Three years ago I started a PhD in computer science. As a researcher, I naturally learn most of my time. When reading scientific papers, I learn new ideas developed by other people. When skimming through programming manuals, I learn about new tools and ways to use them. When running my own experiments, I learn something about the research problem I’m solving. It is so easy and tempting to get absorbed in details. Sometimes I start designing a new algorithm and run some initial experiments. I realize there is a parameter that might slightly affect the performance so I start tweaking this parameter. Indeed, there is some relation between it and the final result but it somehow looks strange. So I investigate more… Three weeks later I find myself struggling over a 1% performance gain which is completely unimportant and does not even help answer the initial question.

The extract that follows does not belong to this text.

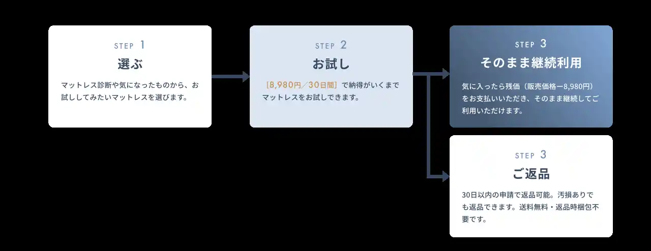 30日間8,980円で、納得がいくまでマットレスをお試しできます。 |

Such situations can hamper your progress quite a bit, and the only way of avoiding them is to constantly remind yourself about maintaining the right abstractions. Again, this does not mean that details are not important — the devil is still in them. But sometimes you don’t want to let him speak.
The ideas I’ve described are no magic shortcuts. Even if you use all of them, there is no way around routine tasks. To master Taekwon-Do, you need to develop your body, no matter whether you understand the basic theory or not. To calculate integrals, you have to go through actually calculating maybe a hundred of them, not just figure out how or why this is done. As long as we don’t live in The Matrix, there is no way of upgrading our brain’s firmware to support some desired skill. Still, being aware of the basic principles when doing some routine practice, may make it more meaningful and exciting.
At this point you may be willing to strike me with my own weapon by asking: “Why do we need all of this?” Let me leave you with a bit of general motivation. Genetic evolution is about the survival of the fittest. In an ever-changing environment, only species whose set of genes has adjusted successfully, stand a chance. However, such environmental changes can last millions of years, so normally there is quite some time to adapt. On the contrary, the society we live in changes rapidly. Individual skills, even entire occupations can become obsolete within a time span of several years. Therefore, the key to success in this social evolution is being able to quickly adapt yourself. That is, master new skills, understand new concepts and adjust your behaviour accordingly. The more efficient you are in all this, the higher your chances to survive. What can be more motivating?